Hacienda – Shakedown album review

The problem, if you could call it that, with having a distinctive melodic signature, is that it is immediately recognizable even when the music is supposed to be someone else’s.  Black Keys frontman Dan Auerbach has produced all three of Hacienda’s albums and his influence is very evident in the track selection, seeing as he cowrote many of them. Big bass drumkicks, profound guitar riffs and medium-fast tempos blur nine of the ten offerings on their third release. Radio-ready, Veronica, Don’t Turn Out The Light and You Just Don’t Know are catchy tunes with weak lyrics, obviously meant for listeners who don’t care to have their music do anything for them except make ‘em feel good driving around with the top down.

If I had a favorite, Don’t You Ever (lots of ‘don’ts on this) would be it mostly because the tune is a little different (meaning, not a rehash of a Black Keys arrangement) and the lyrics seemed to come from the writer’s personal experience instead of some jingle-writing software. It’s a little more bluesy and less poppy and might fit well into an Indie/Alt radio station’s rotation.

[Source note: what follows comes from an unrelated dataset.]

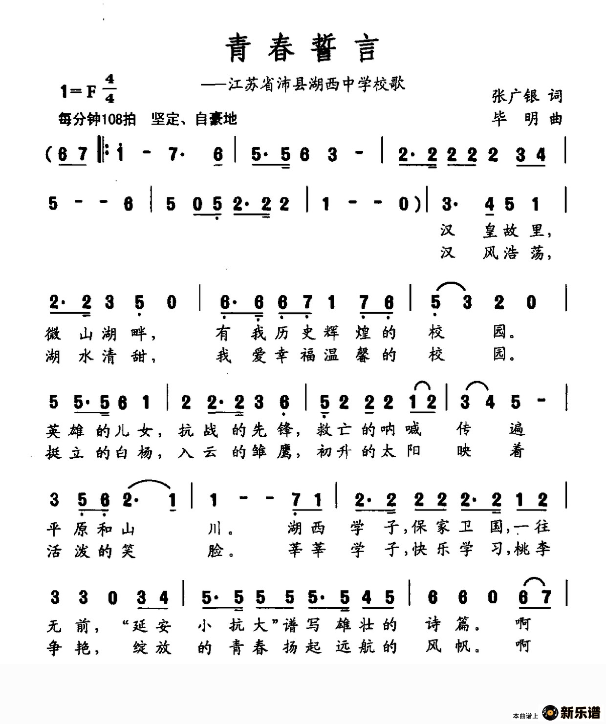演唱的青春誓言(江西省沛县湖西中学校歌)歌词,青春誓言(江西省沛县湖西中学校歌)简谱.

Pilot In The Sky, the closing track is deliberate and thoughtful, buzzy cymbals and a nice piano in a sharp key and the vocals are subdued and scrubbed. I’d love it if there were more of this kind of effort, to really draw a line between what Hacienda could be and what looks like them trying to ride on the Leys popularity. They are a talented bunch and Abraham Vilanueva’s vocals have the strength and range for much more complex arrangements.   Hopefully there is a fourth album in the future, once they come off their tour and perhaps then they might be able to wean themselves away from being mini-Keys.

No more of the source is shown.